▶ Excerpted records:
=== Section Start ===

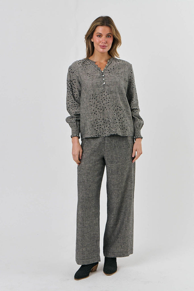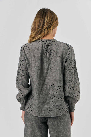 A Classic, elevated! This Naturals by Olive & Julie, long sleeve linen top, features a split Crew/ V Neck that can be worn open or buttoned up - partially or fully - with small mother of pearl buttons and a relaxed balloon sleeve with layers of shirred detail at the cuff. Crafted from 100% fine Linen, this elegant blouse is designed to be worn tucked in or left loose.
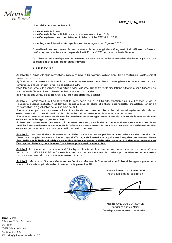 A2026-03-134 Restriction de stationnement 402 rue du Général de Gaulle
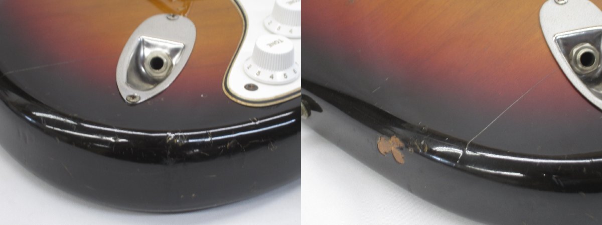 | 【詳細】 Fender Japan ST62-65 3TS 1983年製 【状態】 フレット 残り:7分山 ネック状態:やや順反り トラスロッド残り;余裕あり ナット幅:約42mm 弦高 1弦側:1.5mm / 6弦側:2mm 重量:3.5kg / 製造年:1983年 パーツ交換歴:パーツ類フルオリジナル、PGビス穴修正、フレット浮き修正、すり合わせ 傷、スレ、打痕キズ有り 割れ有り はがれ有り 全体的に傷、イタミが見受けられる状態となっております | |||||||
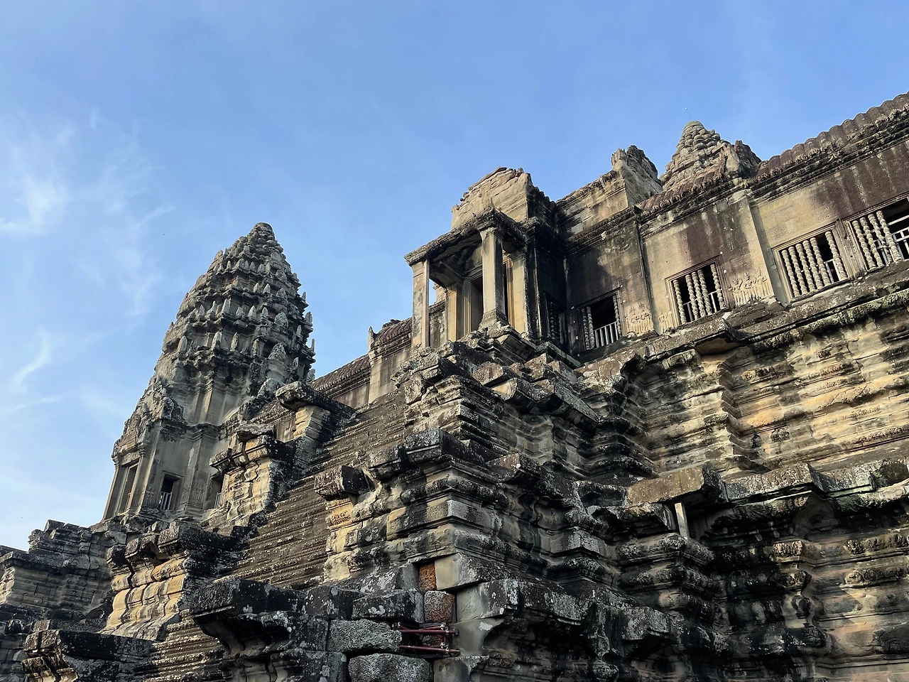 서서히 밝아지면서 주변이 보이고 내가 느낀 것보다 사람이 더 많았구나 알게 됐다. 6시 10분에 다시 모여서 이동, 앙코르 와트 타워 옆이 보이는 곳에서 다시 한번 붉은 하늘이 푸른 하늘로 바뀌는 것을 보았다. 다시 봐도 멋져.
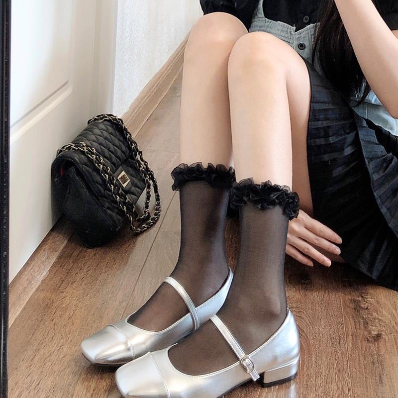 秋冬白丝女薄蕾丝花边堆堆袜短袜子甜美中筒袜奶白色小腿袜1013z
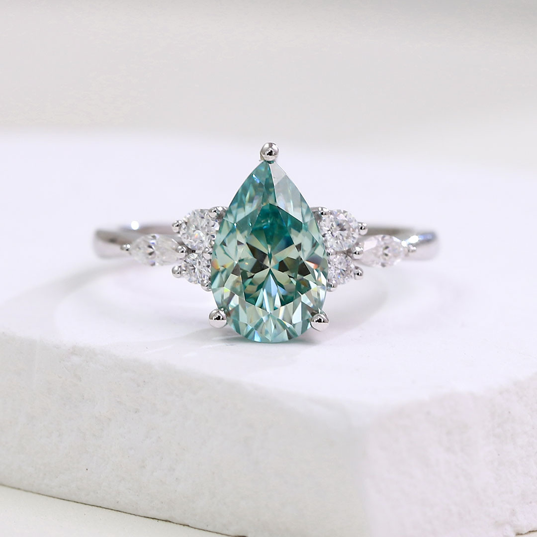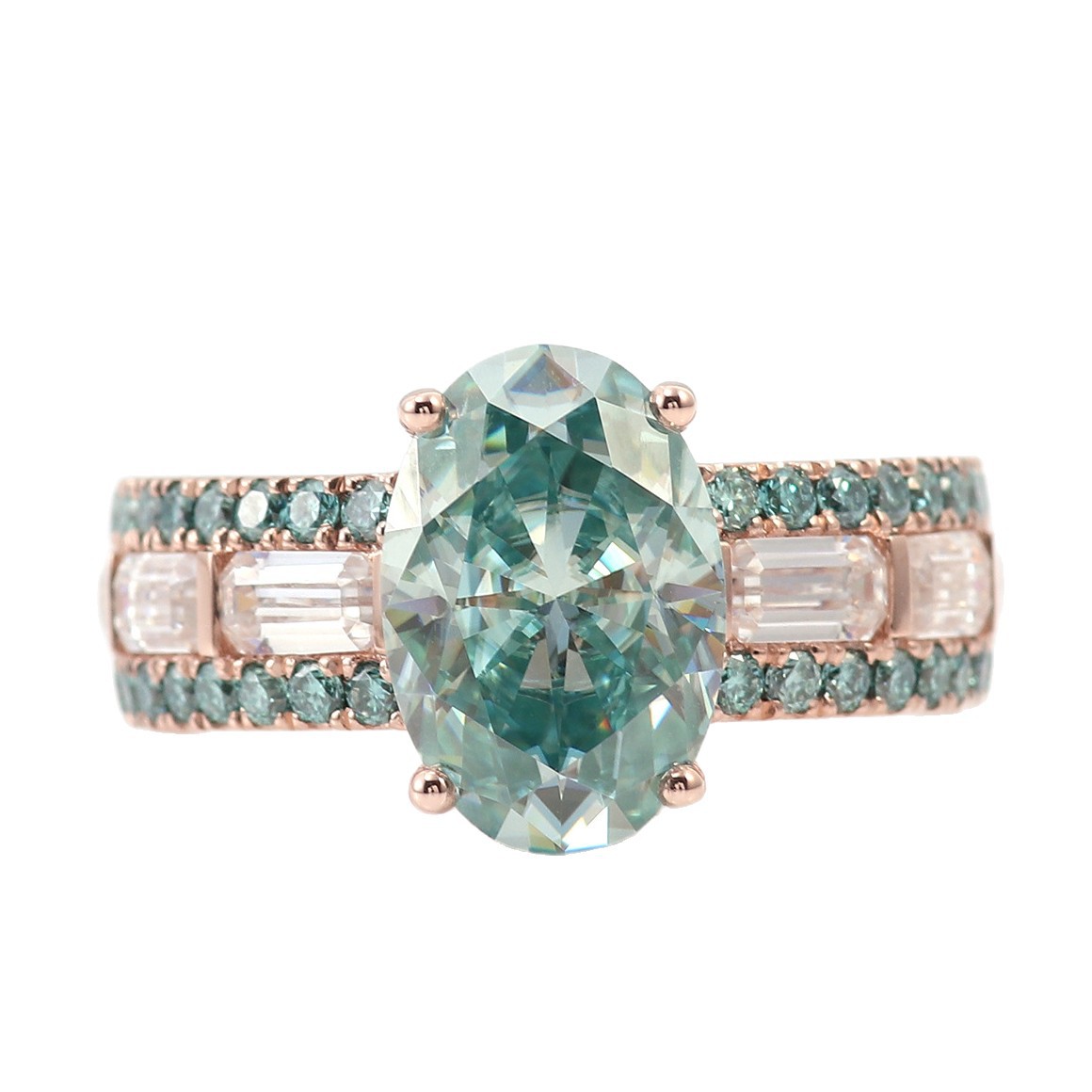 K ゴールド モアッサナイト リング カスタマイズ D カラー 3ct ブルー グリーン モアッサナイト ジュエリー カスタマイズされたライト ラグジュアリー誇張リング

=== Section End ===
=== Section Start ===

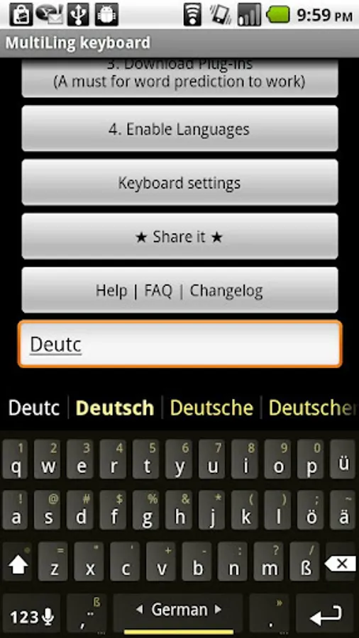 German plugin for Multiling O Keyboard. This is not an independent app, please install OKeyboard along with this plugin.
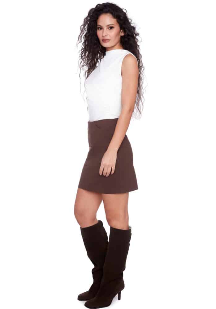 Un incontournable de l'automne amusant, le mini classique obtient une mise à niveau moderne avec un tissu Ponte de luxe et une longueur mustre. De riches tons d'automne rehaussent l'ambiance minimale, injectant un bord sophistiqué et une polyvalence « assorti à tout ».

=== Section End ===
=== Section Start ===

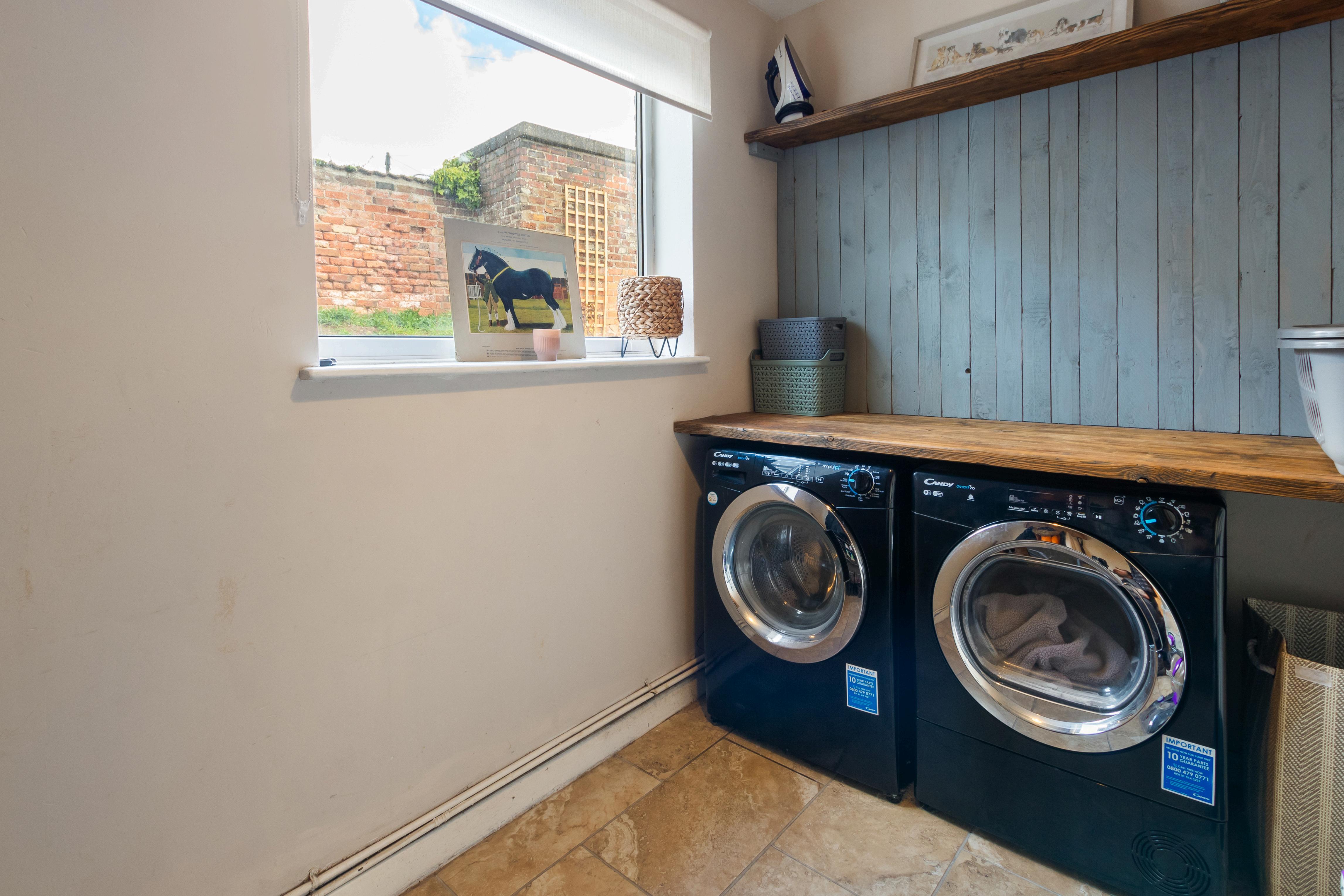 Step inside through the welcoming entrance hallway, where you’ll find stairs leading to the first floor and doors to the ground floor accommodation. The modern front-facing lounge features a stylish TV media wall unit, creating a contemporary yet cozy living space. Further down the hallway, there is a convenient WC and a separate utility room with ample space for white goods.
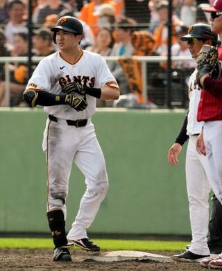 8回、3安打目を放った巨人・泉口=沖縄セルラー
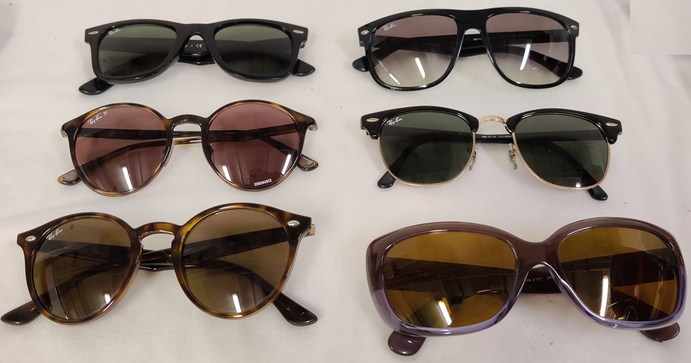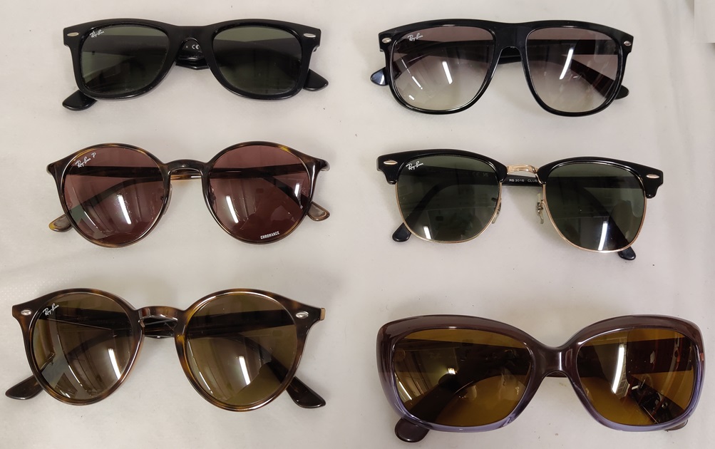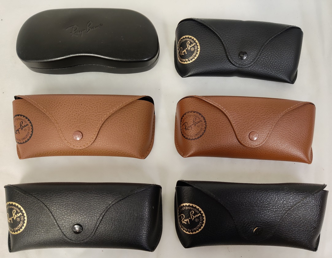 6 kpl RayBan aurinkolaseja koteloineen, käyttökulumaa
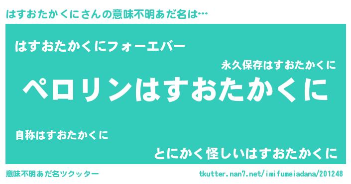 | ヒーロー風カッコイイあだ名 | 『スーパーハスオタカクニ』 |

=== Section End ===

▶ Exercise brief:
Take the material above and output only the lines from the one that contains "Step inside through" through the one that contains "ヒーロー風カッコイイあだ名 | 『スーパーハスオタカクニ』 |", ends included and images left out.

▶ Result of this task:
 Step inside through the welcoming entrance hallway, where you’ll find stairs leading to the first floor and doors to the ground floor accommodation. The modern front-facing lounge features a stylish TV media wall unit, creating a contemporary yet cozy living space. Further down the hallway, there is a convenient WC and a separate utility room with ample space for white goods.
 8回、3安打目を放った巨人・泉口=沖縄セルラー
 6 kpl RayBan aurinkolaseja koteloineen, käyttökulumaa
 | ヒーロー風カッコイイあだ名 | 『スーパーハスオタカクニ』 |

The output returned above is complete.